Notes d’hôtel (extraits)

Publié le par maya


77. UN NUAGE, un seul dans l’azur de ce juillet ; très rond, juste au-dessus de nos têtes, très brillant – nous suit, mon fils et moi, depuis un bon moment et s’arrête quand nous nous arrêtons, repart avec nous, sur cette crête du Mont Salève où nous marchons depuis l’aube. Et tandis que nous déjeunions, le nuage parfait, quasi à notre taille, touchait nos têtes et implosa en une heureuse rosée où mon fils, en permission exceptionnelle de son long internement, mêla nos pleurs.

78. ENTRE LILLE ET ROUBAIX, la voie ferrée taille dans les noires maisons de Fives. Et là, souvent, à toucher les gens dans leur cuisine, leur chambre, telle dame nue comme une vitrine de Rotterdam, tel jeune homme anxieux comme un personnage de Dostoïevski. Mais de l’autre côté du Rail, c’était le bidonville des Dondaines, et là sur un ancien fortin, un voilier de planches, cartons, toiles, où logeait une famille manouche. Ou encore cette vieille qui s’était fait pour demeure une poussette d’enfant retournée à sa taille de naine. Et ce russe qui vivait, entre des statues de Saint-Sulpice sur ses étagères, sans toit, mais derrière une porte, qu’il fermait avant de dormir.

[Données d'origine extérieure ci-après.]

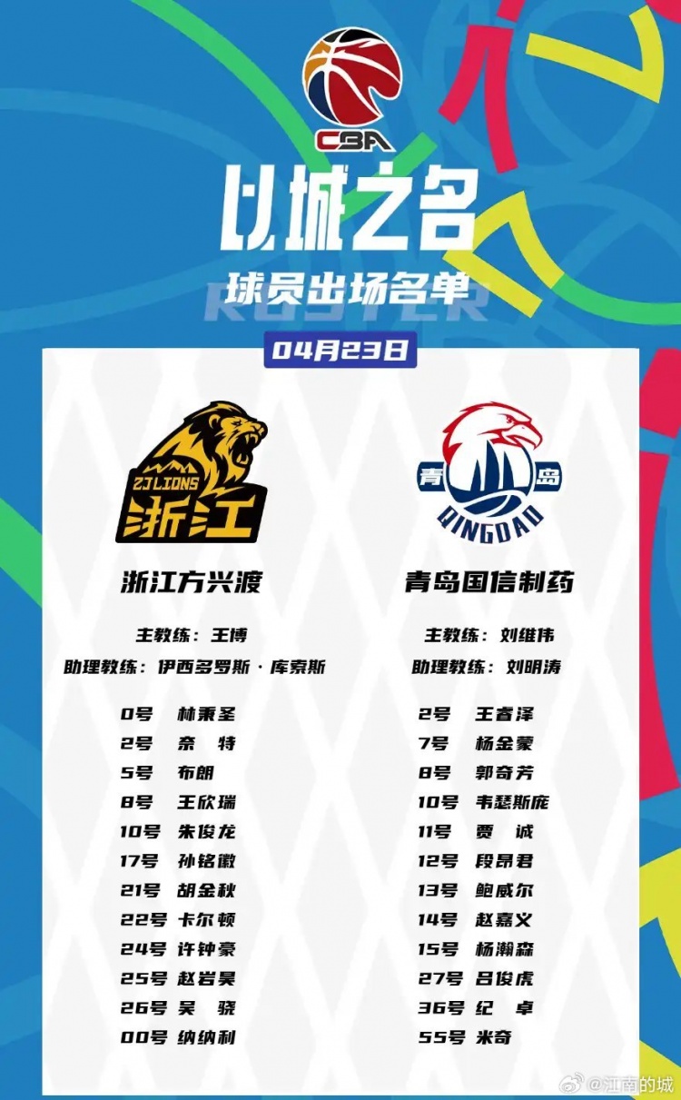 4月23日讯 今晚19点35,广厦和青岛的抢五大战将正式开打,双方大名单如下:

79. LA FOULE, à l’époque ! d’une signature de poète dans une librairie de l’Odéon, et de cette foule s’élève une voix juchée sur un très vieil épouvantail au nom célèbre alors, Marcel Jouhandeau, hurlant à la cantonade et à mon oreille : - « Que vous êtes beau, chéri-i-i ! » Renversant tables et livres, je sautais dans la rue et, tournant le dos croyais-je pour toujours « aux parisiens », je sautais au Bourget dans l’avion pour Marseille et Paris.

80. LES VOSGES, cette année-là très enneigées, mais notre auberge n’a ni skis, ni raquettes, et tant pis, j’emmenais ma fille en bottes, par les sentiers forestiers. Quand survient une tempête de neige, il faut rentrer, par des prairies, mais nous n’y voyons rien. Et puis, un énorme, de sa masse de laine enneigée, bélier de s’improviser notre guide, et ma fille à peine douze ans, déjà nous voyait doublement perdus. Marchant, tant pis derrière le bélier, dans ses foulées, nous arrivons à une ferme qui nous apprend qu’elle est celle-là même où est né mon grand-père, à Labaroche, près d’Orbey, et où il n’est jamais revenu, ni aucun de ses descendants, sauf la petite métisse et son père voyageur.